*** Data below

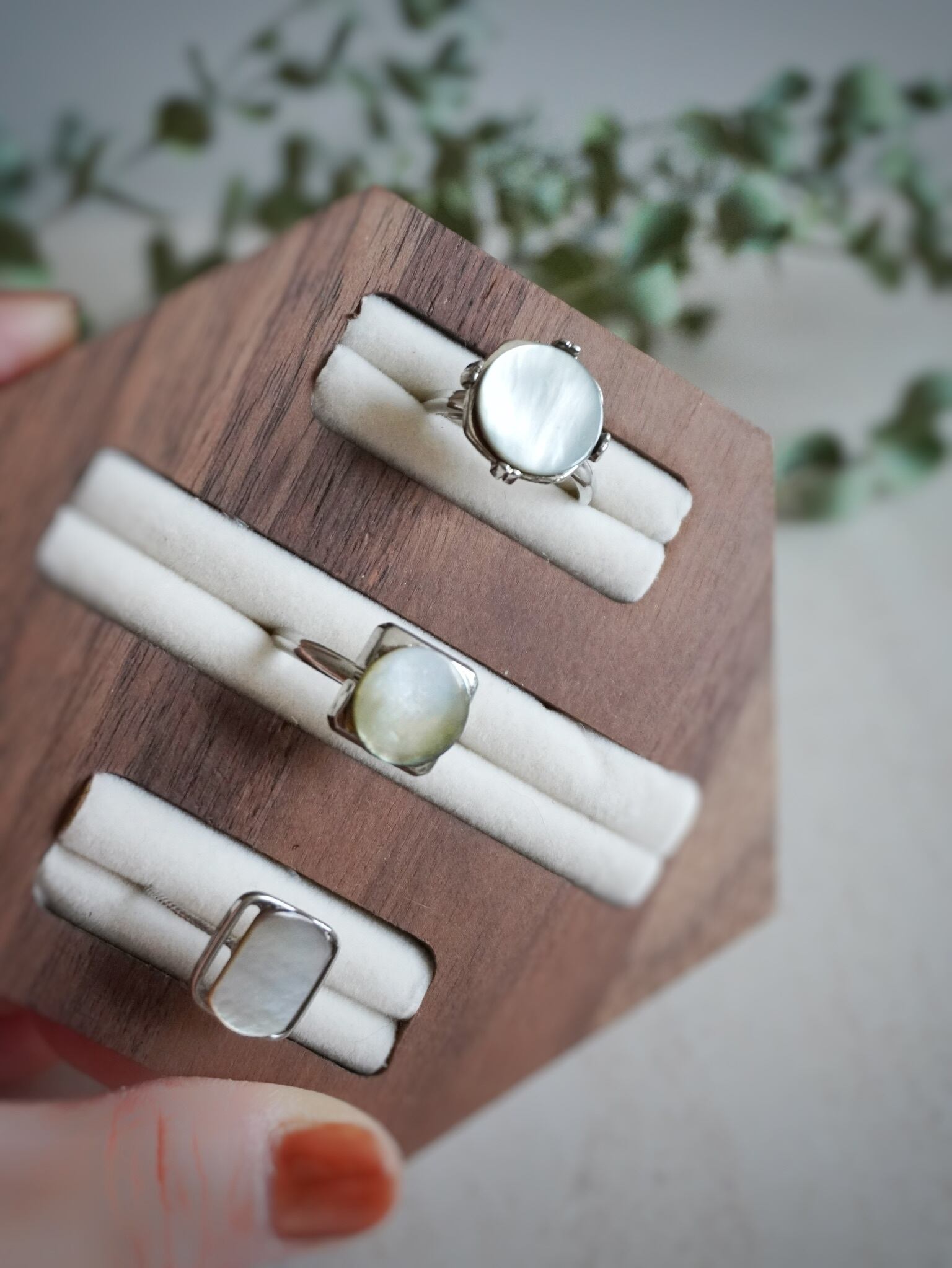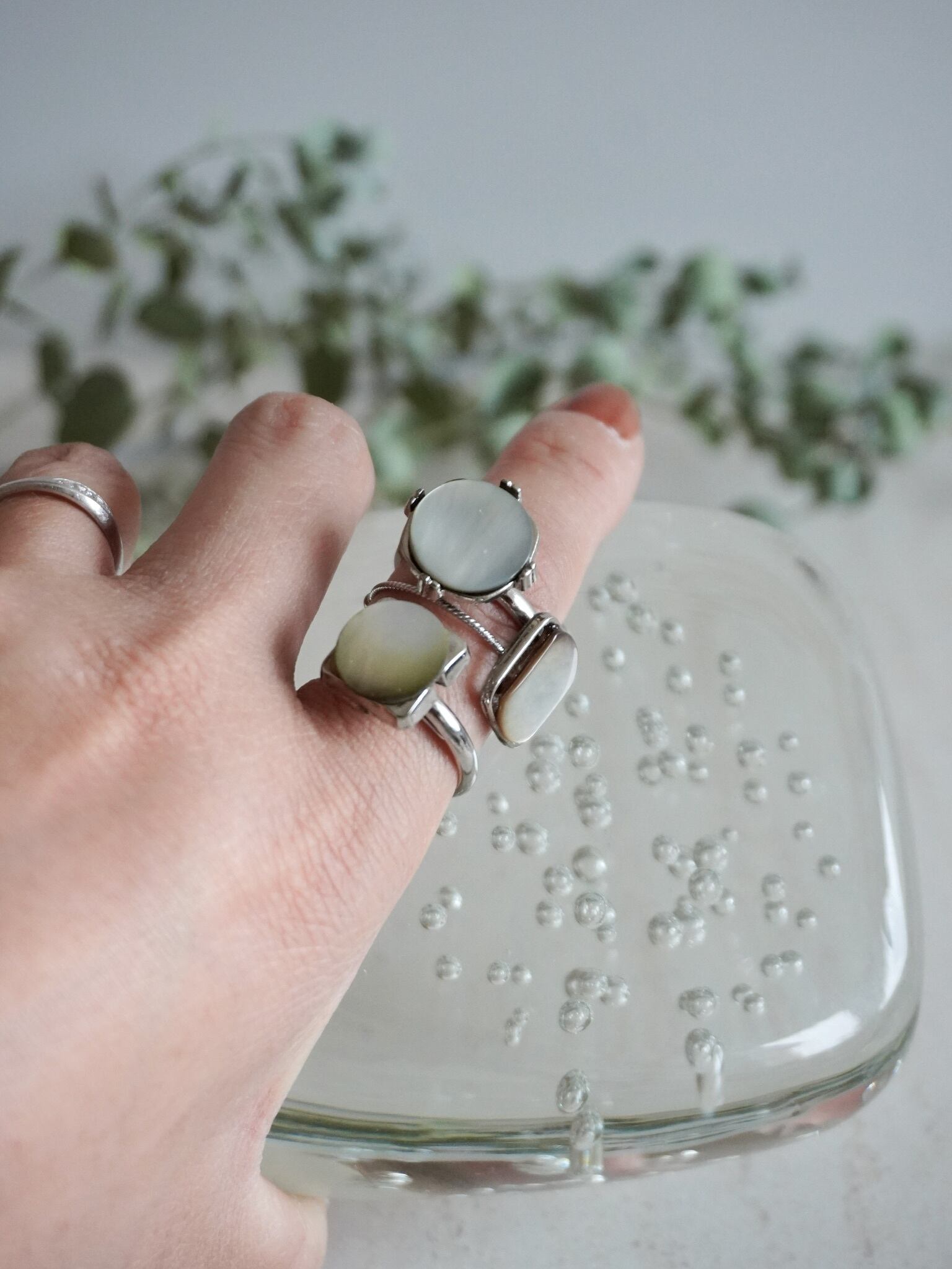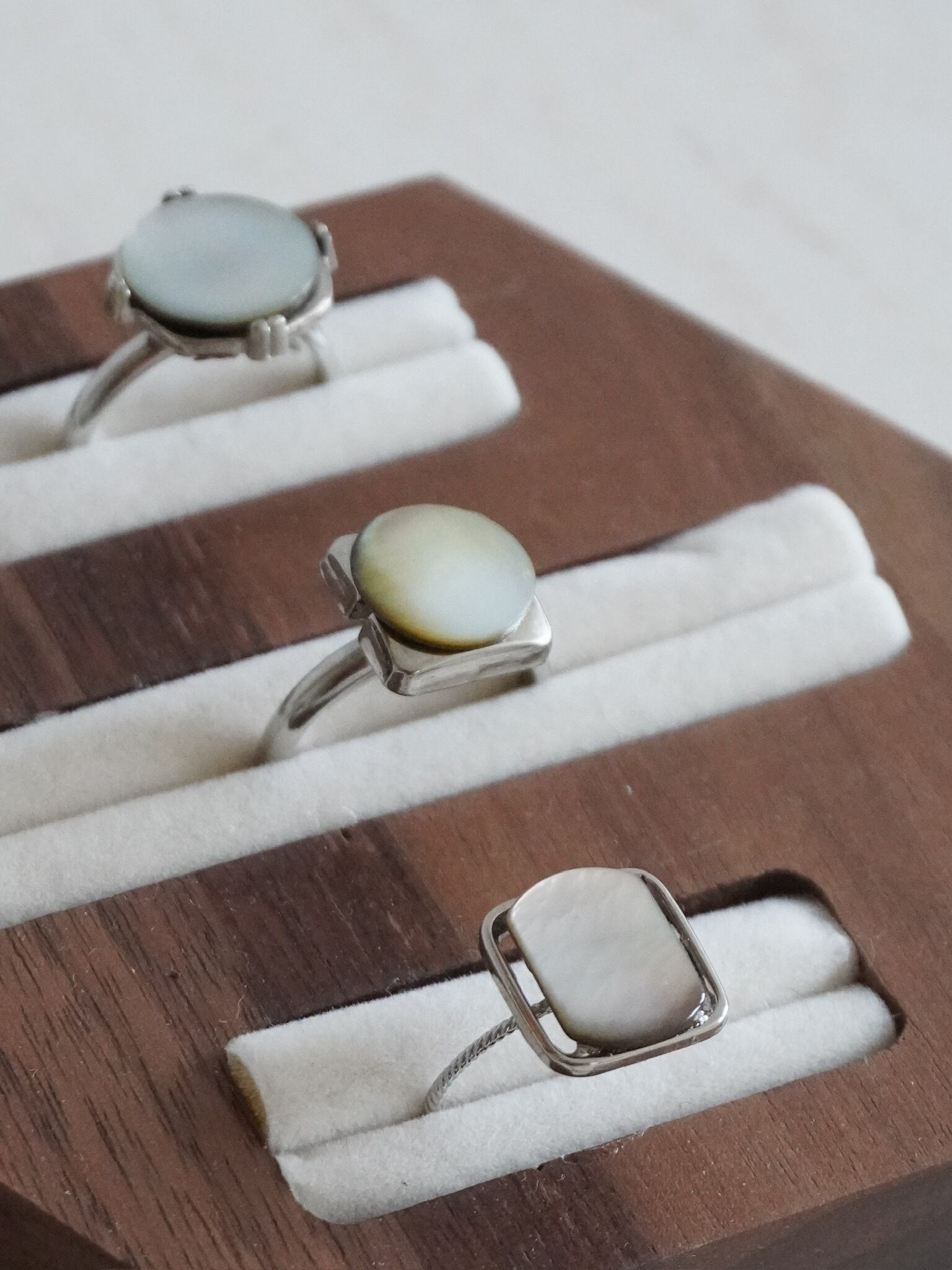 下:華奢なフレームと白蝶貝の組み合わせ。リング自体も細身デザインです
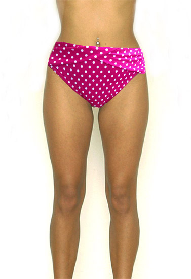 Enjoy the sun, sand and surf like a true pinup in the F&F Pink Polka Dot High Rise Plus Size Bikini Brief . With a high-rise cut and full back coverage, this bikini bottom offers the perfect amount of coverage for a plump shape. A feminine polka dot print splashes across the style all over for retro flair, making it a must-have summer staple. Every gal who likes her swimsuits classic and cute loves this brief! Pair the bottom with the matching halter bra and top for a fab throwback ensemble!
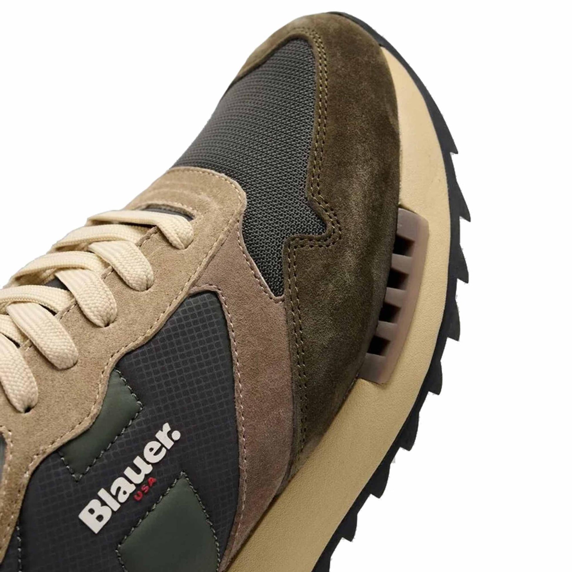 Sneakers RYDER dal design sportivo con un tocco vintage. La tomaia combina materiali diversi, con un effetto cromatico equilibrato, il logo Blauer è visibile lateralmente e sulla linguetta. La suola in eva con elementi a contrasto, è seghettata per un look dinamico. Il battistrada in gomma garantisce aderenza e durata. Ideali per un outfit casual e curato.
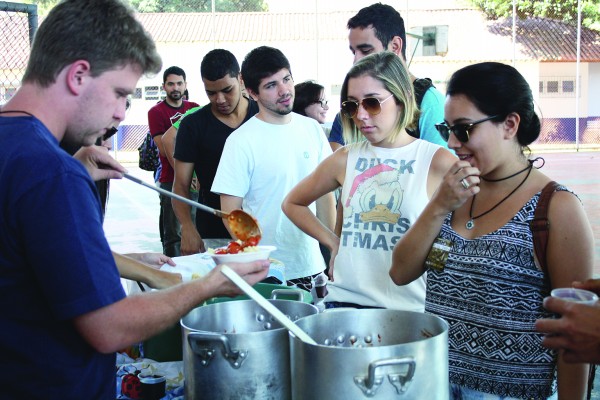 “A gente só consegue comer aqui porque os servidores cedem o aparelho de micro-ondas deles. O que nós tínhamos já estragou”, conta Felipe Coutinho, membro do Centro Acadêmico de Nanotecnologia e um dos organizadores do “ato-almoção”.

******

Problem statement
Write out an exact copy of the listing, first line through the line containing "Enjoy the sun, sand", with the pictures left out.

Exercise answer
 下:華奢なフレームと白蝶貝の組み合わせ。リング自体も細身デザインです
 Enjoy the sun, sand and surf like a true pinup in the F&F Pink Polka Dot High Rise Plus Size Bikini Brief . With a high-rise cut and full back coverage, this bikini bottom offers the perfect amount of coverage for a plump shape. A feminine polka dot print splashes across the style all over for retro flair, making it a must-have summer staple. Every gal who likes her swimsuits classic and cute loves this brief! Pair the bottom with the matching halter bra and top for a fab throwback ensemble!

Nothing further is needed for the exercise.